Across the whole listing, return each line exactly, with no images included.

> Supplied information

□ □ □

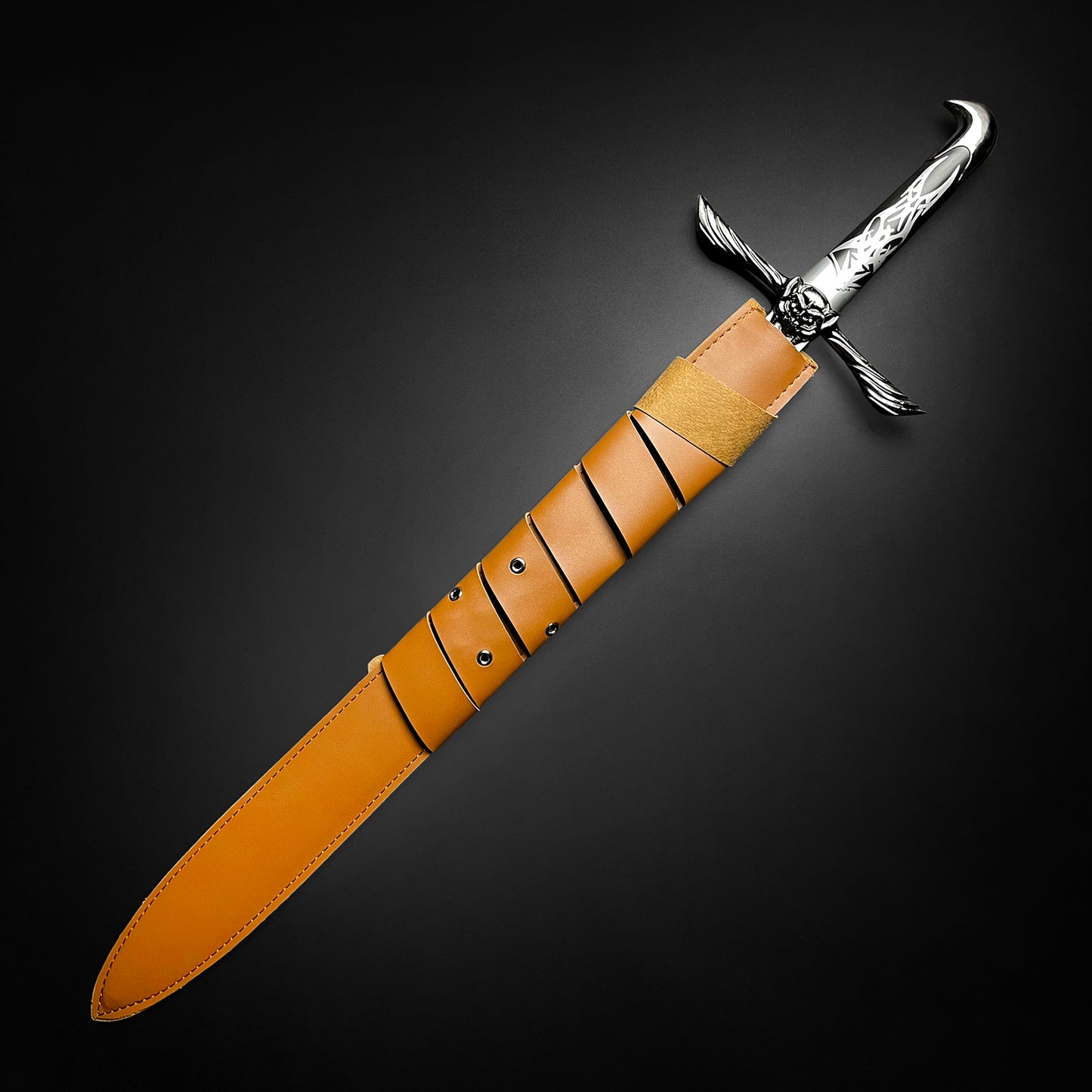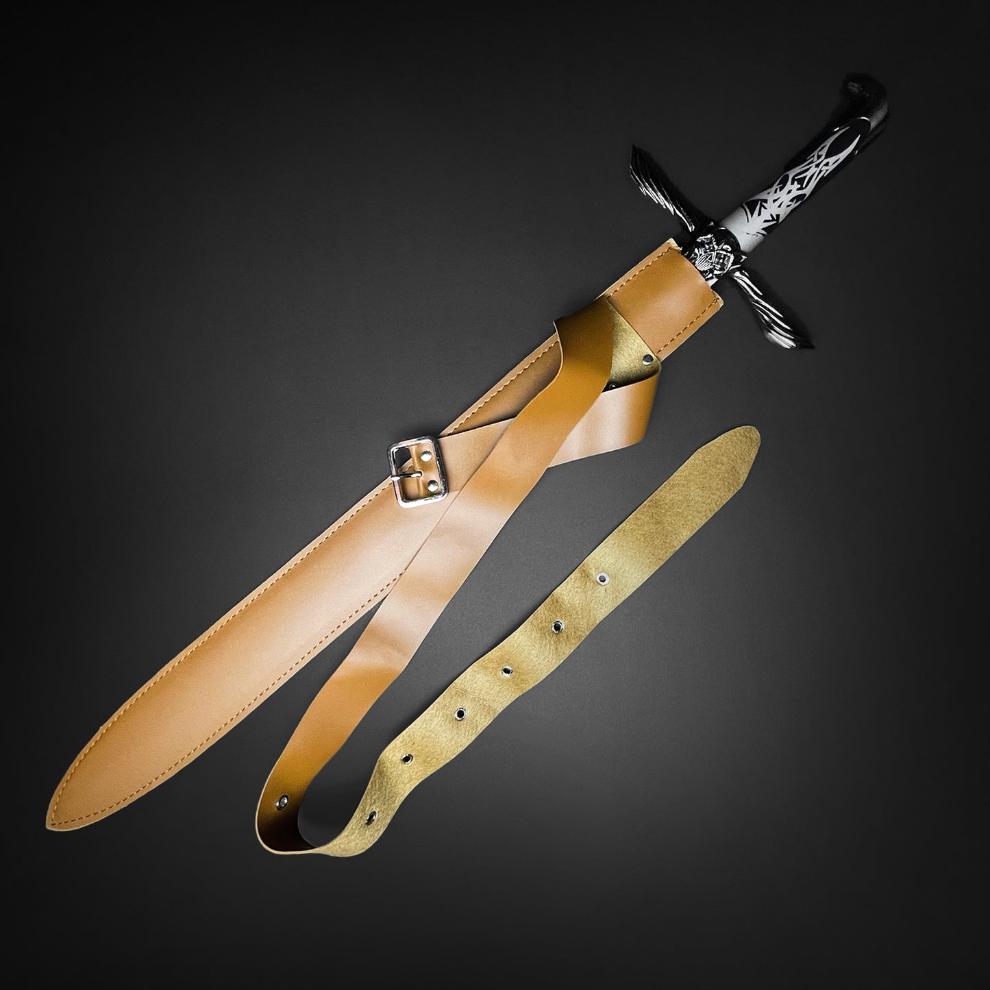 Unlock your inner hero with this 31" fantasy sword. Crafted with metal, it has the look and feel of the classic videogame! With a included scabbard and an overall length of 31", it makes a great accessory for your heroic adventures!
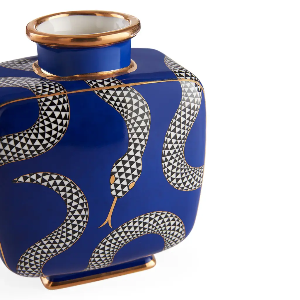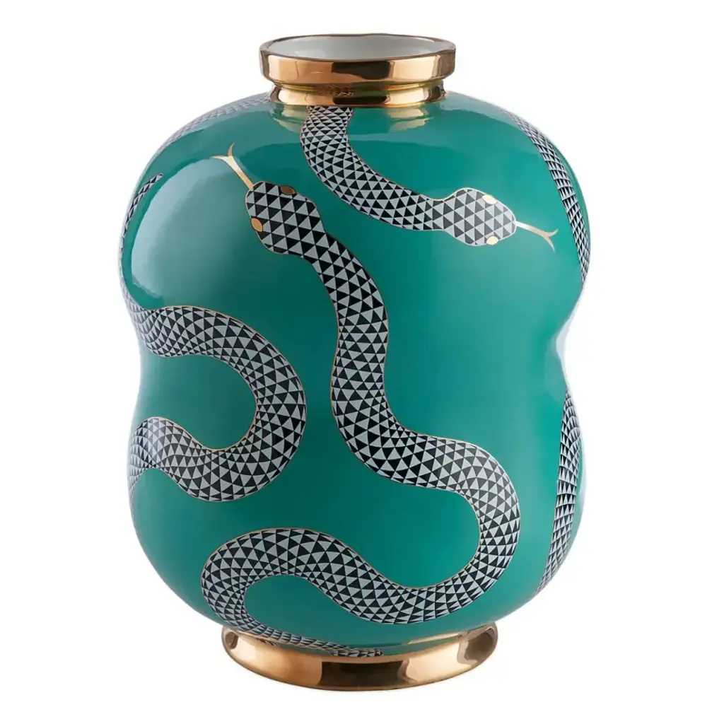 Serpent Chic. A striking addition to any table, shelf, or mantel, our Eden vases feature our signature slithering serpents on punchy pop-toned hues. Sparkling gold accents add an air of daring and glamour. Eden’s classic silhouettes mix well with others, or style the collection together for extra bite.
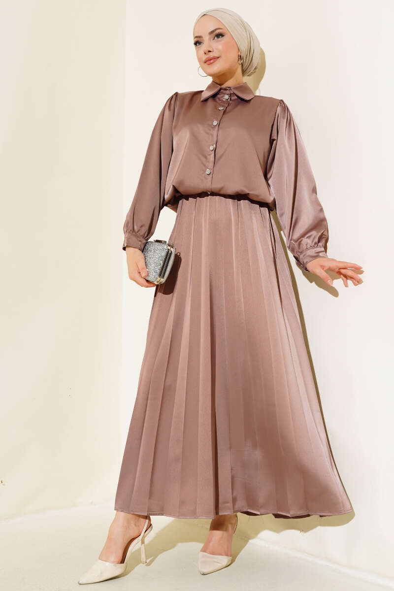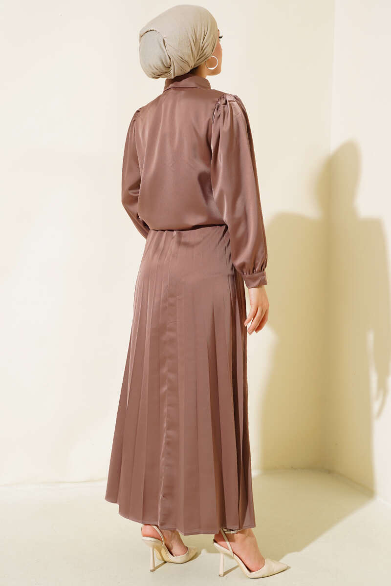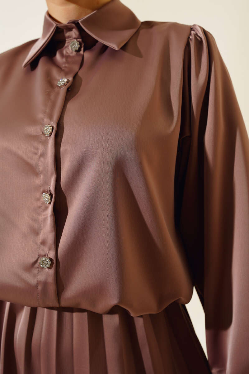 Brit Düğmeli Pileli Tensel Gömlek Latte

□ □ □

> Result
 Unlock your inner hero with this 31" fantasy sword. Crafted with metal, it has the look and feel of the classic videogame! With a included scabbard and an overall length of 31", it makes a great accessory for your heroic adventures!
 Serpent Chic. A striking addition to any table, shelf, or mantel, our Eden vases feature our signature slithering serpents on punchy pop-toned hues. Sparkling gold accents add an air of daring and glamour. Eden’s classic silhouettes mix well with others, or style the collection together for extra bite.
 Brit Düğmeli Pileli Tensel Gömlek Latte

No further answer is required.